T2D = dc.from_pytorch(t2d)
print("\nHow DAPHNE sees the 2d tensor from PyTorch:")
T2D.print().compute()
# Add 100 to each value in T2D.
T2D = T2D + 100.0
# Compute in DAPHNE, transfer result back to Python.
print("\nResult of adding 100, back in Python:")
print(T2D.compute(asPyTorch=True))
print("\n========== 3D TENSOR EXAMPLE ==========\n")
# Create data in PyTorch/numpy.
t3d = torch.tensor(np.random.random(size=(2, 2, 2)))

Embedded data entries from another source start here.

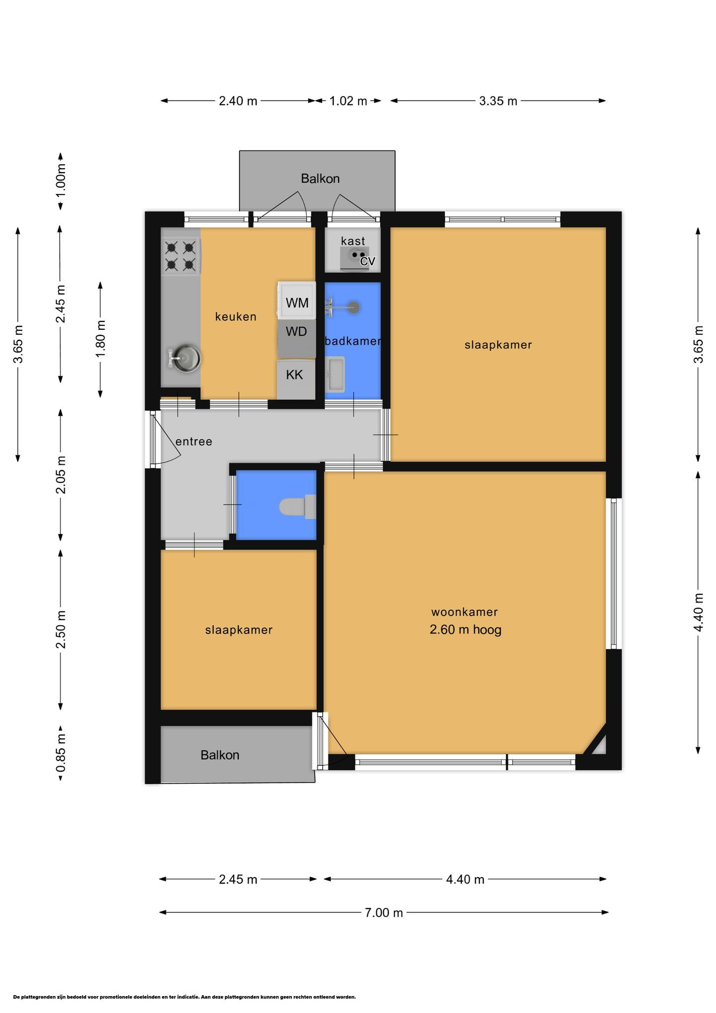 Vanuit de keuken toegang tot het balkon op het noordwesten welke via een separate deur toegang geeft tot de stookruimte met Atag combi cv-ketel (2010). Aan de achterzijde is de slaap/werkkamer en de riante lichte woonkamer. Vanuit de woonkamer is er door de 2 grote ramen een prachtig uitzicht over de wijk en het gemeenschappelijke plantsoen. De woonkamer geeft ook toegang tot het tweede balkon (zuiden).
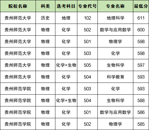 | 本科提前批C段 | 物理/历史类均招 | 贵州师范大学 |
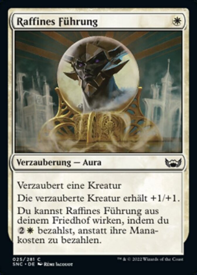 | Rules | Enchant creature Enchanted creature gets +1/+1. You may cast Raffine's Guidance from your graveyard by paying rather than paying its mana cost. |
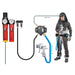 Druckluftgespeiste Atemschutzhaube zur Kombination mit 2-stufigen Druckluftfiltern an der Wand.

print("Original 3d tensor in PyTorch:")
print(t3d)
# Transfer data to DaphneLib (lazily evaluated).
T3D, T3D_shape = dc.from_pytorch(t3d, return_shape=True)
print("\nHow DAPHNE sees the 3d tensor from PyTorch:")
T3D.print().compute()
# Add 100 to each value in T3D.
T3D = T3D + 100.0
# Compute in DAPHNE, transfer result back to Python.

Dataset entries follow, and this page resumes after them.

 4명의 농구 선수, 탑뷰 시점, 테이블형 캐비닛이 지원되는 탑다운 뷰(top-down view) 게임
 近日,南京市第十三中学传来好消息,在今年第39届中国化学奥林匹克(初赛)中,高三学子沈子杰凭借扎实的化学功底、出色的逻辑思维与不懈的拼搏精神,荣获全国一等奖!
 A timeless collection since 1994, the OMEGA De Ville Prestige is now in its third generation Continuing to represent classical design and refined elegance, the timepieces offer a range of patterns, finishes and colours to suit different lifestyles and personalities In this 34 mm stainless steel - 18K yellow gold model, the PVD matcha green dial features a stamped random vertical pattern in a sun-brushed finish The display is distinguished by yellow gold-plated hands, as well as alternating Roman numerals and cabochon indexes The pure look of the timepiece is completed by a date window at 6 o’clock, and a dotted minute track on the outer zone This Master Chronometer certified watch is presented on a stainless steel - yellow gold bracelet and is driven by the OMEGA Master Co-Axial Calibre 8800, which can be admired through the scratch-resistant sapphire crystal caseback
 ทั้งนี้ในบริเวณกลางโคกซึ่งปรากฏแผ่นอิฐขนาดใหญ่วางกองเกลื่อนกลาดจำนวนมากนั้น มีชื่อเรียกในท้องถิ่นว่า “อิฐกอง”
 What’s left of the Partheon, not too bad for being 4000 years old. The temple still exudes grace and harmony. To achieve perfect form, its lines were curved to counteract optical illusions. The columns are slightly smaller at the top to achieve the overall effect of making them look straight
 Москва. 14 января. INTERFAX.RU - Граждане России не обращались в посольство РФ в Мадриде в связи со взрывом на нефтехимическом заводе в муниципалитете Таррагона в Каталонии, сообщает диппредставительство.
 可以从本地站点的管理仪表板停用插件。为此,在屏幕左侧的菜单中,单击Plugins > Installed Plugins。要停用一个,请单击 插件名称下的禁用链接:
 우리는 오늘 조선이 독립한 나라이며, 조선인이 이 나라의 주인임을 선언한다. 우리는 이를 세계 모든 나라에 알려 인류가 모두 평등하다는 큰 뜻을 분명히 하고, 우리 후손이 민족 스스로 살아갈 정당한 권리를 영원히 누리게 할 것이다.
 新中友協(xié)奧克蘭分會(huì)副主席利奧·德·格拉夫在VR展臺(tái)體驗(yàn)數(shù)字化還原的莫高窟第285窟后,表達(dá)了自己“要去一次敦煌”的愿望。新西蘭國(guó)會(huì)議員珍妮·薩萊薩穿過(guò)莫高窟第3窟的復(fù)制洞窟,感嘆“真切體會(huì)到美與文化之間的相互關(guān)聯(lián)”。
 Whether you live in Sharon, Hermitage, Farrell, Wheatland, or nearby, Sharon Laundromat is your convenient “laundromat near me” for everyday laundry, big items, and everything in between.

print("\nResult of adding 100, back in Python:")
print(T3D.compute(asPyTorch=True))
print("\nResult of adding 100, back in Python (with original shape):")
print(T3D.compute(asPyTorch=True, shape=T3D_shape))
Run by:
Output (random numbers may vary):
========== 2D TENSOR EXAMPLE ==========
Original 2d tensor in PyTorch:
tensor([[0.1205, 0.8747, 0.1717, 0.0216],
[0.7999, 0.6932, 0.4386, 0.0873]], dtype=torch.float64)

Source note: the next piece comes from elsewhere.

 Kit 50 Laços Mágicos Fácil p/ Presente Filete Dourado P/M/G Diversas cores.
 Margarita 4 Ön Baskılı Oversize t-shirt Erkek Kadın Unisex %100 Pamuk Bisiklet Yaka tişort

How DAPHNE sees the 2d tensor from PyTorch:
DenseMatrix(2x4, double)
0.120505 0.874691 0.171693 0.0215546
0.799858 0.693205 0.438637 0.0872659
Result of adding 100, back in Python:
tensor([[100.1205, 100.8747, 100.1717, 100.0216],
[100.7999, 100.6932, 100.4386, 100.0873]], dtype=torch.float64)
========== 3D TENSOR EXAMPLE ==========
Original 3d tensor in PyTorch:
tensor([[[0.5474, 0.9653],
[0.7891, 0.0573]],
[[0.4116, 0.6326],
[0.3148, 0.3607]]], dtype=torch.float64)
How DAPHNE sees the 3d tensor from PyTorch:
DenseMatrix(2x4, double)
0.547449 0.965315 0.78909 0.0572619
0.411593 0.632629 0.314841 0.360657
Result of adding 100, back in Python:
tensor([[100.5474, 100.9653, 100.7891, 100.0573],
[100.4116, 100.6326, 100.3148, 100.3607]], dtype=torch.float64)
Result of adding 100, back in Python (with original shape):
tensor([[[100.5474, 100.9653],
[100.7891, 100.0573]],
[[100.4116, 100.6326],
[100.3148, 100.3607]]], dtype=torch.float64)
Known Limitations
DaphneLib is still in an early development stage. Thus, there are a few limitations that users should be aware of. We plan to fix all of these limitations in the future.
- Using DAPHNE's command-line arguments to influence its behavior is not supported yet.
- Some DaphneDSL built-in functions are not represented by DaphneLib methods yet.
- High-level primitives for integrated data analysis pipelines, which are implemented in DaphneDSL, cannot be called from DaphneLib yet.